You will be asked to identify one person who is responsible for coordinating your child’s pediatric care with us. This is the person we will contact regarding any clinical or financial communications, though other adults may bring your child to a visit or carry health insurance for your child. The Responsible Party is the person responsible for the patient’s account. Please note that a divorce degree or other financial arrangement between two parties does not determine who Horizon Primary Care bills for service. We will bill the appropriate insurance, but will look to the Responsible Party for any balance remaining.

Fees & Payments

We understand that changing conditions in the economy and health insurance industry have made the cost of healthcare difficult for some families. Our fee schedule has been developed to be consistent with usual and customary charges in the community. Payment is expected for all office visits provided by our staff, including charges for immunization, in-house lab work and medical supplies. In an effort to provide the most comprehensive care available to our patients, we make a number of services available to our patients at no cost, including our Nurse Advice Service, After Hour Service, and completion of most medical forms.

  • Please be aware that if any outside lab or x-ray services are required, you will receive a separate bill for those services from the lab or x-ray provider
  • In addition to cash and check payments, we also accept VISA, MasterCard and Discover

Insurance
Horizon Primary Care accepts most commercial insurances as well as TriCare and Medicaid. We do not accept insurance discount plans, Denver Health and Kaiser Insurances. If you have any questions about which insurance plans we accept, please ask one of our administrative or business office staff. Please not the following insurance guidelines.

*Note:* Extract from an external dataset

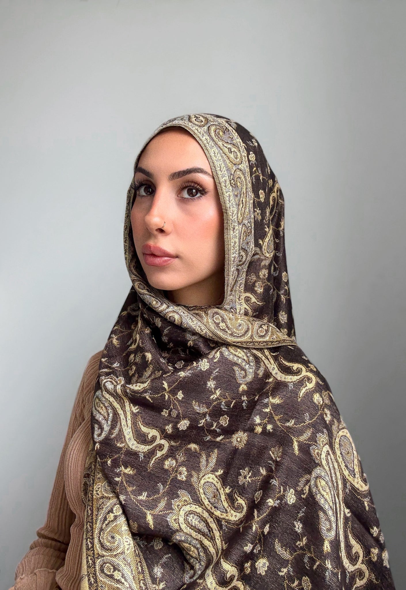 The rich, dark base creates a beautiful contrast with the soft metallic embroidery, giving the scarf a regal, timeless charm.

  • Please use your child’s legal name for all insurance and medical records and designate Horizon Primary Care as your PCP if your insurance requires a PCP.
  • In order to bill your insurance company for services provided, it is critical that we have current insurance information in our records. We ask for your current insurance card at each visit to ensure that our information is correct.
  • If you have a deductible or health savings account plan, there may be a patient balance after the insurance company paid their portion of the bill. We will bill you for this balance due and request payment be made within 30 days.
  • It is the Responsible Party’s responsibility to be aware of the patient’s insurance benefits. Not all services provided by our office are covered by all plans. Some insurance plans do not cover will-child visits or have limits on how often these well-child benefits can be used. If your plan does not cover well-child visits, immunization, or has other specific exclusions, we may ask you for a deposit for these types of services. In all cases, the Responsible Party will be charged for any service not covered by the patient’s insurance plan. Please feel welcome to ask us if you have any questions about your insurance plan-we may be able to help.
  • If your insurance does not cover immunizations, our staff can provide you with the names of community resources that can provide vaccines to you at a low cost. Please inform your medical provider if you are planning to receive immunizations elsewhere (and bring a record of these vaccinations to your child’s next visit so that medical records may be updated.
  • If you have two insurances we will bill the primary insurance and the secondary insurance. We request that you provide all necessary insurance information to our offices and promptly respond to insurance company requests to assist us in this coordination of benefits process.
  • Your insurance company may request additional information from you before they process claims. Please respond promptly to any requests from your insurance company. Failure to respond to insurance company requests may result in unpaid or denied claims in which case the patient becomes fully responsible for these charges.

Newborns

Please make sure that you add your newborn to your insurance policy within 30 days of birth to ensure coverage. Our coordinators will contact you during this first 30 days to confirm insurance coverage for your newborn and to answer any questions you may have about our office or financial policies.

Medicaid & CHP+ Insurance

  • Horizon Primary Care participates in the Medicaid and CHP+ programs.
  • We verify eligibility at the time the appointment is made, and on the day of the appointment.

Co-Payments

Many insurance plans require that the patient share in the cost of the visit by paying a copayment. Copayments are due at the time of the visit.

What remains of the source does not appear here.